Safety Advocates Call On Legislature To Turn Red Light Cameras Back On
Dec 19, 2005, 02:08 PM

Virginia traffic safety advocates today called on the state legislature to reinstate the law that allowed seven Virginia communities to use automated enforcement technology to enforce red light running.

Representatives from AAA, The National Campaign to Stop Red Light Running, the Virginia Association of Chiefs of Police, Virginia Commonwealth University and several municipalities are part of a broad coalition working to see red light cameras restored to six Northern Virginia communities and Virginia Beach in the coming legislative session.

According to new statistics released by the Virginia Beach Police Department, red light running violations at several intersections formerly equipped with red light cameras have spiked over 99.5 percent since July when the law expired. The four intersections monitored have seen an increase from 488 in June to 1,056 in November. The validity of this increase is extremely sound as the same cameras which had been previously authorized for use simply stopped taking photos at the end of June, yet continued to monitor violations.
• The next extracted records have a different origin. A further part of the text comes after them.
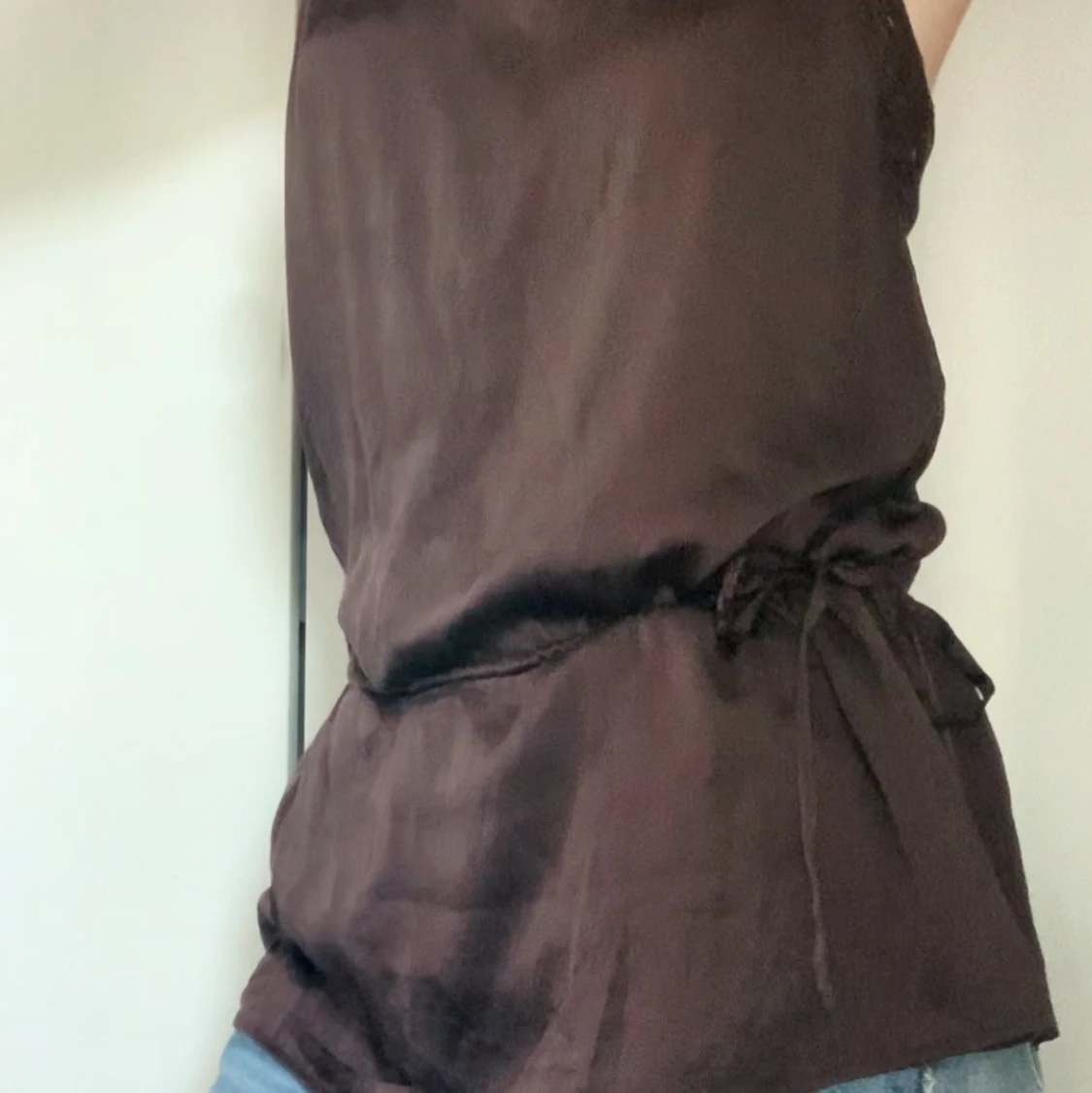 En brun topp med paljettdetalj högst upp och ett knytband i midjan. Mjukt och skönt material, den passar jättebra till både vardags och fest!! Den passar tyvärr inte mig längre men den är i bra skick och försiktigt använd. Frågor? Skriv på DM!🤎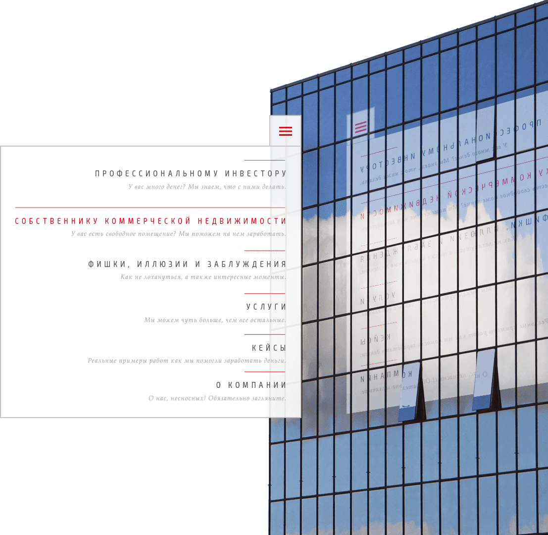 Хороший пример, как компания помогает своим заказчикам зарабатывать в сфере коммерческой недвижимости. У них интересная философия, интересные кейсы, нестандартный подход.
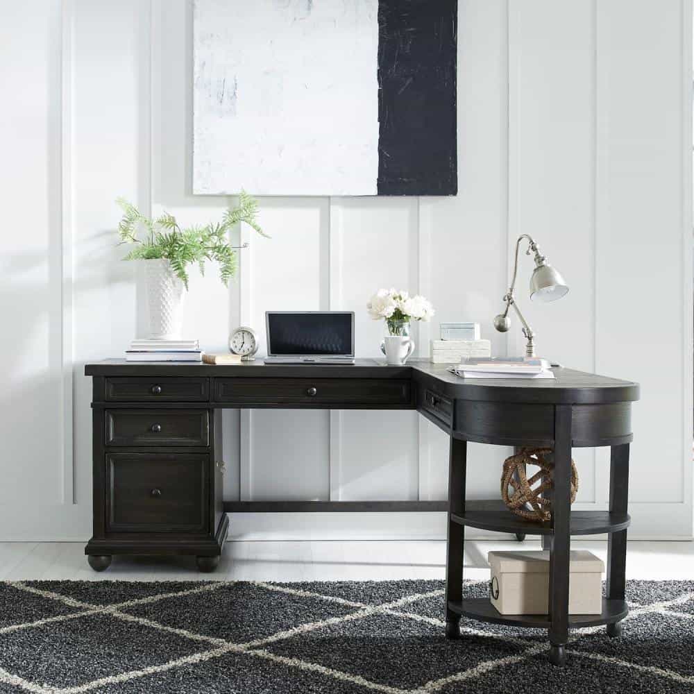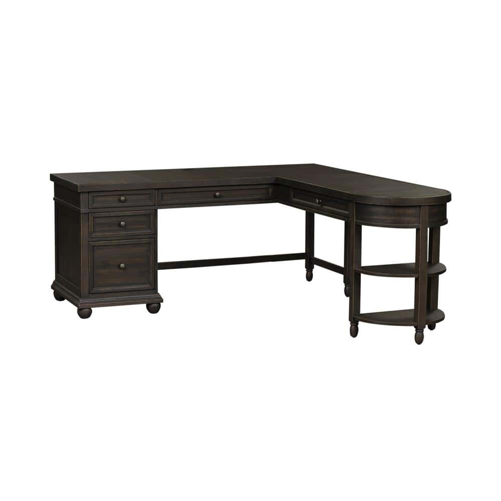 By Liberty Furniture. Work from home in comfort and style with the Harvest Home L shaped desk set. Crafted of rubberwood solids with knotty white oak veneers, this desk features a chalkboard finish with saw cut hewing, full extension drawer glides for easy access to storage, five interior storage drawers, including two flip down keyboard drawers and a locking file drawer, bottom case dust proofing to protect contents, and additional storage with the shelving at the end of the curved shape return. This set effortlessly creates a casual look with a classic feel. With today’s modern technology in mind, this set features a built-in charging station with two plugs and two USB ports, making multi device charging a breeze. Special Order.

Virginia Beach Chief of Police A.M. “Jake” Jacocks said, “Consistent enforcement is needed to really improve traffic safety. These numbers clearly show the change in driver behavior once the enforcement period ended. We have seen the number of red light running violations jump dramatically since our cameras went dim. The citizens of Virginia support and approve the use of the red light cameras, and all of Virginia’s photo enforcement programs have shown a decrease in red light running violations. We need our legislators to re-enact photo enforcement in Virginia.”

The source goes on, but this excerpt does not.